Supplied data section start

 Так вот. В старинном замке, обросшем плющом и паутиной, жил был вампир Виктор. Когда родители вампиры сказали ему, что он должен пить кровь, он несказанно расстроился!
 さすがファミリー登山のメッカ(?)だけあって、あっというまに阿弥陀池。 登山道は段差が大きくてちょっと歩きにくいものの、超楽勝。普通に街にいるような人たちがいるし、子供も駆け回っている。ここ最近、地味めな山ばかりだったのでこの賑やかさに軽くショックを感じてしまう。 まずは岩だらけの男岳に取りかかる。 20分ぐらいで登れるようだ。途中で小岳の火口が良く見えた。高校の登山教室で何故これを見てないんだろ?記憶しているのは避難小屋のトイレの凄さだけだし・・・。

Supplied data section end
Supplied data section start

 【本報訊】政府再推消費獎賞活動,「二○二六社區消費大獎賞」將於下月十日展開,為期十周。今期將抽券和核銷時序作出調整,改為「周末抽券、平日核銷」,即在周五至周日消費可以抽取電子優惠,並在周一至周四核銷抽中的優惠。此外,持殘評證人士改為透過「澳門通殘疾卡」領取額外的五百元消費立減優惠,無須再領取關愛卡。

Supplied data section end
Supplied data section start

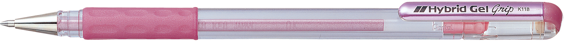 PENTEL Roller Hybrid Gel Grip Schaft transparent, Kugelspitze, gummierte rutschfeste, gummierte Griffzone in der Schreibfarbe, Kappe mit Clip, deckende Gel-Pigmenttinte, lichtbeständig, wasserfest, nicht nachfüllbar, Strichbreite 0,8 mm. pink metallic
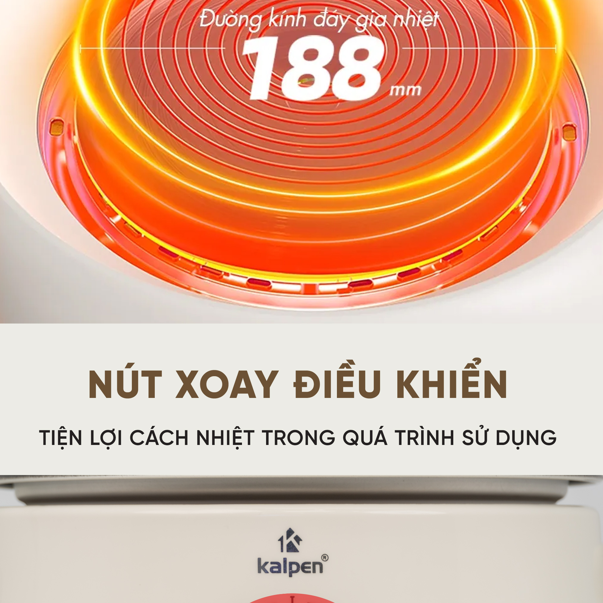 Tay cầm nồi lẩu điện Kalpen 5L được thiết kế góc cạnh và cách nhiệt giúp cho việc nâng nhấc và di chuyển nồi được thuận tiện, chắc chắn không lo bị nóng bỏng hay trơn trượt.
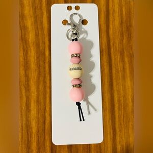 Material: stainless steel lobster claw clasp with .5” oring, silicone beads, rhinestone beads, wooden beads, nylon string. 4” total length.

Supplied data section end

**Exercise**
In the material above, which lines fall between the one holding "Tay cầm nồi" and the one holding "Material: stainless steel", inclusive? Print exactly those, with the pictures left out.

**Expected answer**
 Tay cầm nồi lẩu điện Kalpen 5L được thiết kế góc cạnh và cách nhiệt giúp cho việc nâng nhấc và di chuyển nồi được thuận tiện, chắc chắn không lo bị nóng bỏng hay trơn trượt.
 Material: stainless steel lobster claw clasp with .5” oring, silicone beads, rhinestone beads, wooden beads, nylon string. 4” total length.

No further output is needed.